Agentic Code Reasoning

This paper studies the ability to understand program semantics without executing code, relying only on an agent exploring and reasoning over a codebase, and proposes semi-formal reasoning as a structured evidence…

agentic-reasoningcode-intelligencepatch-verificationfault-localizationstatic-code-analysis

This paper studies the ability to understand program semantics without executing code, relying only on an agent exploring and reasoning over a codebase, and proposes semi-formal reasoning as a structured evidence template. The method outperforms conventional unstructured agent reasoning on three tasks: patch equivalence verification, fault localization, and code question answering.

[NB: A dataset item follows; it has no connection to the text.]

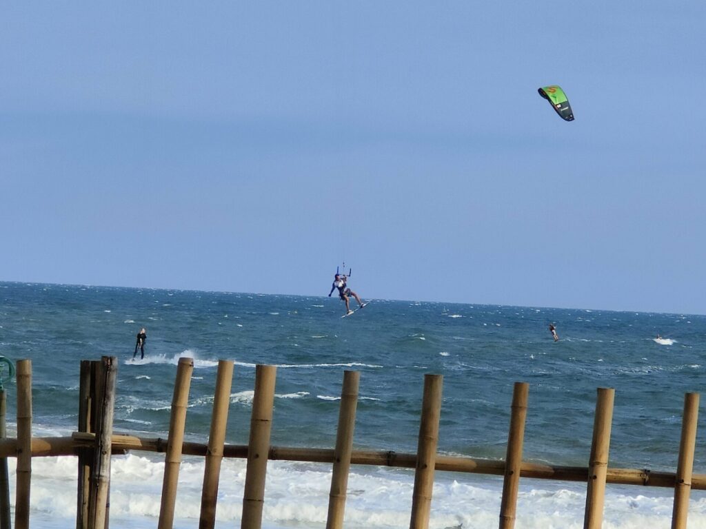 Heute war perfektes Kitesurf Wetter. Die Sonne scheint und es bläst ein starker Wind (etwa 20 – 25 km/h). Voller Tatendrang gehen wir zum Strand. Wir werden eingekleidet, T-Shirt, Harnas und Helm. Dann geht es für mich direkt ins Wasser, André übt noch auf dem Strand.

  • The paper aims to solve the following: Can LLM agents reliably analyze code semantics, determine whether patches are equivalent, localize faults, and answer code-understanding questions without running the code?
  • This matters because executing code in real repositories is often expensive, dependency-heavy, and hard to scale; if high-quality semantic judgments can be made statically, they could be used for RL reward signals, code review, static analysis, and defect investigation.
  • Existing unstructured reasoning tends to “guess the answer” or skip steps, while fully formal verification requires building strict semantics for real repositories and multi-language frameworks, which is too costly in practice.
  • The core method is semi-formal reasoning: rather than letting the model think in a free-form, scattered way, it is required to follow a fixed template and write out premises, code-path tracing, itemized evidence, and formal conclusions, like submitting a “reasoning proof sheet.”
  • This template is designed as a certificate: if the agent has not first found code-based evidence or has not covered key tests/paths, it becomes difficult to jump directly to a conclusion, thereby reducing unsupported assertions.
  • The method is a general mechanism at the prompt-engineering level, not a specially trained model, nor does it translate code into fully formal systems like Lean or Coq; therefore it is easier to transfer across tasks such as patch equivalence, fault localization, and code QA.
  • In the agent setting, the model can use tools to browse the repository, follow call chains, inspect tests and related files, but cannot execute repository code or tests; it relies mainly on static-analysis-style code exploration and reasoning.
  • Patch equivalence verification (170 carefully constructed samples): Opus-4.5 improves from 78.2% under standard reasoning to 88.8% under semi-formal reasoning, a gain of 10.6 percentage points; among these, accuracy on non-equivalent samples improves from 78.6% → 82.9%, and on equivalent samples from 78.0% → 93.0%. The tradeoff is that the average number of steps increases from 10.08 → 28.17 (about 2.8x).
  • Verification of real agent-generated patches (200 samples, including test specifications): the best result is Opus-4.5 + agentic semi-formal, with 93.0% accuracy; compared with difflib 73%, single-shot 86.0%, single-shot + file context 87.5%, and agentic standard 87.0%. Sonnet-4.5 also reaches 91.5% under the same setting.
  • Code question answering (RubberDuckBench): the abstract states that semi-formal reasoning reaches 87% accuracy, a gain of 9 percentage points over standard agentic reasoning; the contributions section also reports gains of 10.8 percentage points over single-shot 76%, and 8.7 percentage points over standard agentic.
  • Fault localization (Defects4J, smaller-scale 43 evaluable bugs): with Opus-4.5 in agentic mode, Top-5 (All) improves from 60.5% to 72.1%, a gain of 11.6 percentage points; Top-5 (Any) improves from 81.4% to 88.4%, a gain of 7.0 percentage points. Under single-shot, Top-5 (All) goes from 55.6% → 63.9%.
  • Fault localization (larger-scale 90 evaluable bugs): the paper claims that semi-formal reasoning with Opus-4.5 further improves Top-5 (All) by about 5 percentage points over the standard mode; in the truncated table provided, the standard value is 43.3%, but the full semi-formal value is not completely visible in the excerpt.
  • The paper’s strongest conclusion is: through structured agentic reasoning, LLMs can perform meaningful semantic-level code analysis without executing code, approaching the reliability threshold needed for execution-free / low-execution-dependence verification and RL feedback.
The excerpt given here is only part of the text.